Sounds like a glitch of some sort. 

Good to see another Buckeye on here. Where in NE Ohio are you?


----------



## jp61 (Feb 14, 2018)

Suburbs of Cleveland


----------



## jp61 (Feb 14, 2018)

There's a group of people from Ohio here. I don't know how active any of them are because I just returned myself a few days ago.

https://www.smokingmeatforums.com/forums/ohio-members.3075/


----------



## Co4ch D4ve (Feb 14, 2018)

Some are active but not too many. I see you posted that you turn pens?  Same here.


----------



## jp61 (Feb 14, 2018)

Co4ch D4ve said:


> Some are active but not too many. I see you posted that you turn pens?  Same here.



lol I have a disorder. 
Yes, I got into it pretty heavy there for awhile, spent a boatload of money on equipment and supplies. Even started making my own blanks then winter came. No heat in garage so I didn't do anything for 6 months, meanwhile I got distracted by other things LOL and just haven't got back into it yet. I was far from some of the guys in the hobby...mine were all kits.

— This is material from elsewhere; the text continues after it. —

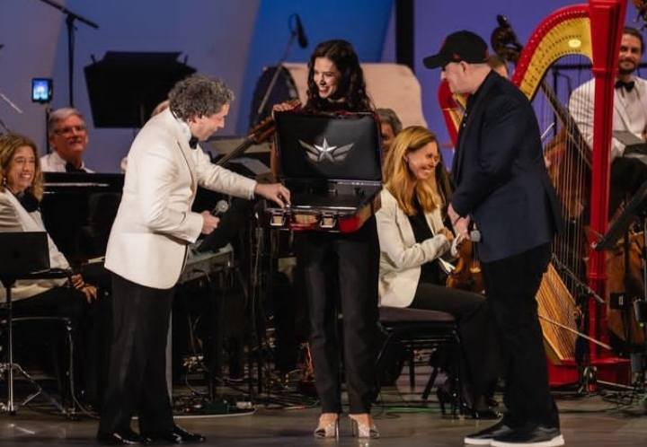 Durante su presentación Dudamel recibió una batuta de plata de manos de Kevin Feige por dirigir el concierto Infinity Saga en el Hollywood Bowl el pasado sábado 31 de agosto.

Two of the pics I posted were pens.


----------



## jp61 (Feb 14, 2018)

If you have time I'm going to try something different real quick uploading pics see if that works. Then I have to hit the sack.


----------



## jp61 (Feb 14, 2018)

Can you see these pics?


----------



## jp61 (Feb 14, 2018)




----------



## jp61 (Feb 14, 2018)

Anything show?


----------



## jp61 (Feb 14, 2018)

I guess you gave up on me lol


Anyone else see these pics?


----------



## Rings Я Us (Feb 14, 2018)

Pretty cool.. yep.. looks like they show up now.. nice!


----------



## jp61 (Feb 14, 2018)

LOL Thank you! Now I can go to bed!

Take care!


----------



## Rings Я Us (Feb 14, 2018)

:cool:


----------



## motocrash (Feb 14, 2018)

I can see'em


----------



## jp61 (Feb 14, 2018)

motocrash said:


> I can see'em



Thank you!


----------



## Bearcarver (Feb 15, 2018)

Hey Joe, I can see them now.

I had that happen with the first pics I posted on this new platform:
I had copied my pics from another forum & pasted them here.
I could see them, but nobody else could.

So I posted them again using the Drag & Drop thing built into this forum, and everybody can see them ever since.

BTW: You pens are neat!!!
I like the Bolt Action, Camo, Rifle Bullet.
Bear


----------



## Co4ch D4ve (Feb 15, 2018)

I see them too... nice work on the pens. What are you using for a finish?  I use super glue on most of mine.


----------



## jp61 (Feb 15, 2018)

Thanks John!

Yeah, I'm still figuring out the "new" to me platform.
I miss all the little, some not so little characters (whatever they're called) especially my go to two thumbs up dude.


----------



## jp61 (Feb 15, 2018)

Co4ch D4ve said:


> I see them too... nice work on the pens. What are you using for a finish?  I use super glue on most of mine.



Thanks!

On wood I also used super glue, plastics wet sand thru the grits and polish.


----------